Highlights
- Biodiversity: Udanti-Sitanadi Tiger Reserve in Chhattisgarh draws attention for its ecological corridor links with Kawal, Tadoba, and Kanha reserves.
- International: SCO Summit 2025 opens with the theme "Upholding the Shanghai Spirit: SCO on the Move."
- Technology: Adi Vaani, an AI-based translation tool for tribal languages, launched by the Ministry of Tribal Affairs.
- Finance: INTERPOL Purple Notices and the Online Suspect Registry System both in the news for cross-border crime cooperation.

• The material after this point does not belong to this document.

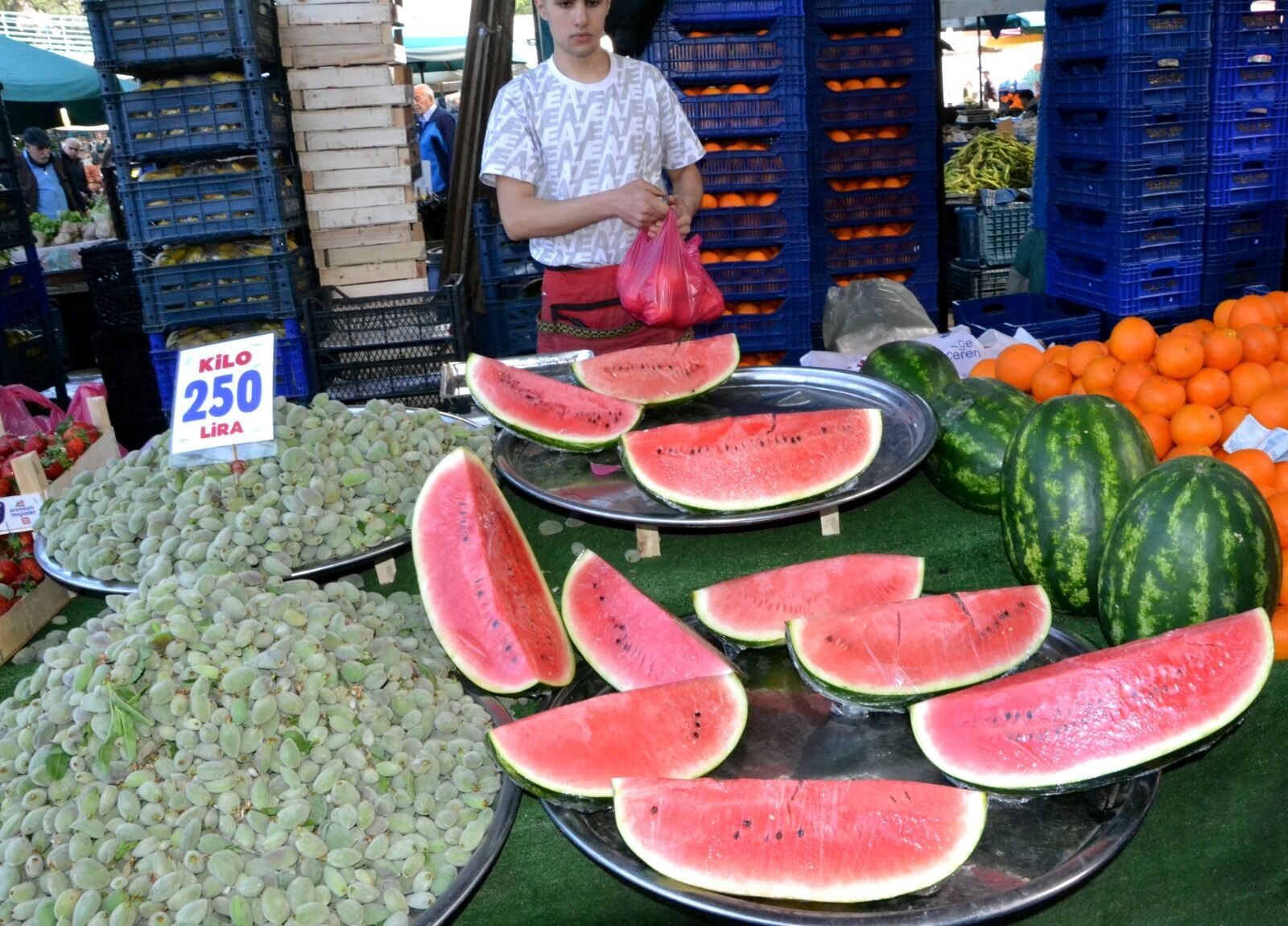 İran bir yandan ABD-İsrail ve Körfez ülkelerine saldırıyor bir yandan da tarım üretimini sürdürüyor. İran'dan ithalatına izin verilen karpuz Manisa’da Mart ayında tezgahlarda yerini aldı. İran karpuzu, sıcak iklim koşulları sayesinde Türkiye’de üretim sezonu başlamadan önce olgunlaşarak piyasaya sunuluyor. İran karpuzları, mevsimi olmamasına rağmen vatandaşların ilgisini çekerken, fiyatıyla da gündeme geldi. İran karpuzun kilosu 80-120 lira arasında değişiyor. Ülkemizde ise özellikle Çukurova bölgesinde karpuz üretimi yoğun bir şekilde gerçekleşiyor. Yerli karpuz hasadının başlamasıyla fiyatların düşeceği öngörülüyor.

- Environment: Green Credit Programme under the Environment Protection Act, 1986, administered by ICFRE.
1. Udanti-Sitanadi Tiger Reserve: connectivity is the story
GS area: Environment and Ecology
Udanti-Sitanadi Tiger Reserve in Chhattisgarh entered prelims discussions this week for its landscape-level ecological connectivity. This is the kind of map-plus-institution question UPSC rewards.
- Location: Chhattisgarh. Comprises Udanti Wildlife Sanctuary and Sitanadi Wildlife Sanctuary as its two units.
- Corridor links: The reserve shares ecological connectivity with Kawal Tiger Reserve (Telangana), Tadoba-Andhari Tiger Reserve (Maharashtra), and Kanha Tiger Reserve (Madhya Pradesh). This makes it a central node in the central Indian tiger landscape.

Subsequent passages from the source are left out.